Bel went on, “Now tell me what might go wrong when you’re in
Jannik’s house.”

“There will be guard-spells.”

“And those gum-soled boots won’t help?”

Will was surprised. “You know about that?”

“Rowan told me. Sailors and steerswomen. But it’s just the
boots.”

“Well, there’s more than one kind of guard-spell. If I’m not
careful, and clever, anything might happen.”

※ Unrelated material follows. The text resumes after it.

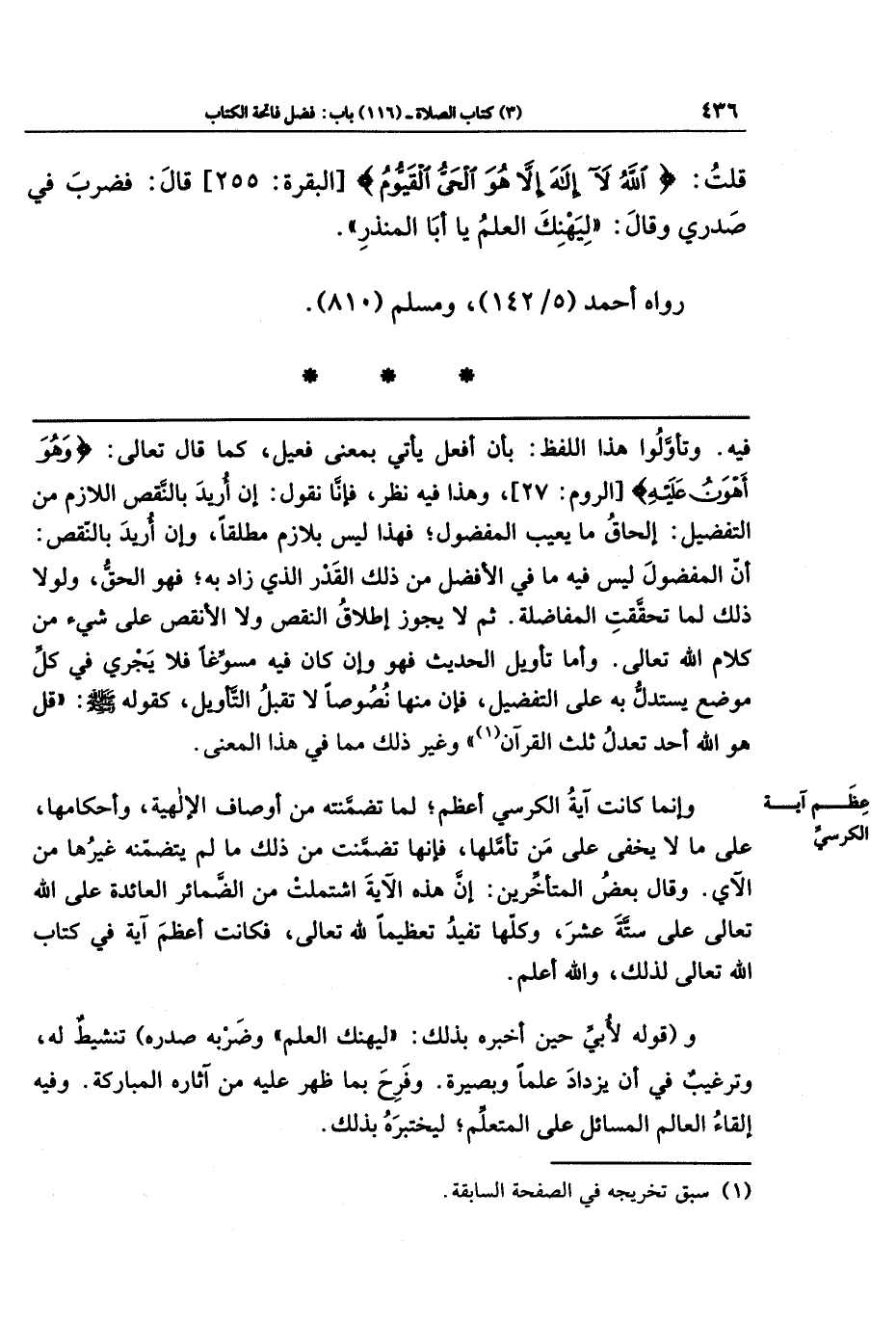 قُلتُ: الله وَرَسُولُهُ أَعلَمُ. قَالَ: يَا أَبَا المُنذِرِ أَتَدرِي أَيُّ آيَةٍ مِن كِتَابِ الله مَعَكَ أَعظَمُ؟ قال: قُلتُ: {اللَّهُ لا إِلَهَ إِلا هُوَ الحَيُّ القَيُّومُ} قَالَ: فَضَرَبَ فِي صَدرِي وَقَالَ: لِيَهنِكَ العِلمُ أَبَا المُنذِرِ.

Bel said: “You could die.”

Will winced, nodded. “And then Jannik comes home to find
Corvus’s runaway apprentice, dead in his house. But even if I do get out, if I
haven’t done everything perfectly, Jannik would know that someone had been
there. And that’s the thing.” He became urgent. “Rowan, you haven’t kept quiet
about being here. By now, half the city probably knows about you. If Jannik
finds that someone was in his house, among his records, at the same time that a
steerswoman was asking questions about Kieran, and about Slado—Specifically,
the steerswoman named Rowan, the one who caused so much trouble six years ago,
the one—” Bel raised one hand slightly, to warn him to moderate his voice. He
continued, very quietly. “—the one who Jannik was ordered to kill, six years
ago. The one he
failed
to kill.”

Silence. Then Rowan said, cautiously: “But when I spoke to
Corvus, after all that, he said that no one was interested in me any longer.”

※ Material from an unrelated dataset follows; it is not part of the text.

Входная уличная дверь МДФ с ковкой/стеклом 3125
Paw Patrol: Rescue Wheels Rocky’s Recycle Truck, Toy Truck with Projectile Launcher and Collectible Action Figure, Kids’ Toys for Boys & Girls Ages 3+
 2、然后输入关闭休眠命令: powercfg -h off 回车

“That’s right. Because they thought you were some wizard’s
secret minion, and they were more interested in who that might be. But if
you’re in Donner, at exactly the time someone manages to break into Jannik’s
house, then you’re a minion who has too much power. They’ll start looking for
your master again—but they won’t wait to find him. They’ll deal with you right
away. Probably Jannik himself will want to do it. He’ll drop everything else.”

Unfortunately, Rowan could find no flaw in Will’s reasoning.

Bel said: “So, Rowan has to leave town. And she has to do it
before you make your attempt. And she has to do it in plain view of as many
people as possible.”

Will said, “That’s right.”

The Outskirter nodded. “I agree.” She resumed eating. Rowan
sat slack in amazement. “Bell”

“No,” the Outskirter said through a mouthful of sausage,
“he’s right.”

Willam showed immense relief. “Good. It’s really the best
thing—”

“We are not leaving the city!”

“Who said ‘we’?” Bel asked Rowan. “You’re the problem here.
You go, I stay.”

Rowan’s astonishment was complete. “What?”

Willam looked from one to the other. “No, Bel, you ought to
go, too. There’s no reason for you to be involved.”

“Yes, there is.” The Outskirter continued on her breakfast,
nonchalant. “You’re about to do something fantastically dangerous. That means
that you need someone to watch your back. I’ve been watching Rowan’s back for
the last two days. It’s one of the things I’m good at.”

He shook his head. “But Bel, this is magic—”

“I have no intention of leaving here!”

“Your own magic didn’t stop you from being jumped in the
dark,” Bel said to Willam. “Where would you be now if you’d been alone, as
you’d thought?” She indicated him with her knife to make the point. “Dead. Or
being dragged back to Corvus, for who knows what sort of punishment?”

“But once I’m inside, there’s nothing you can do.”

“What about outside the house? What if someone sees you
going in?”

“Bel—” Rowan said.

“Or coming out? How can you tell if some couple hasn’t
ducked into the shadows to play tickle? And won’t they be surprised to see
you?”

“Bel. Willam.”

“Or some lost drunkard hasn’t stopped in the middle of the
street to get his bearings? Who knows who he’d tell?” Will became thoughtful.
“That’s true.”

“If you give me a signal, like a whistle, when you’re ready
to come out, I’ll whistle back when the way is clear—”

“Pardon me—”

“You’re starting to make sense … ,” Will admitted.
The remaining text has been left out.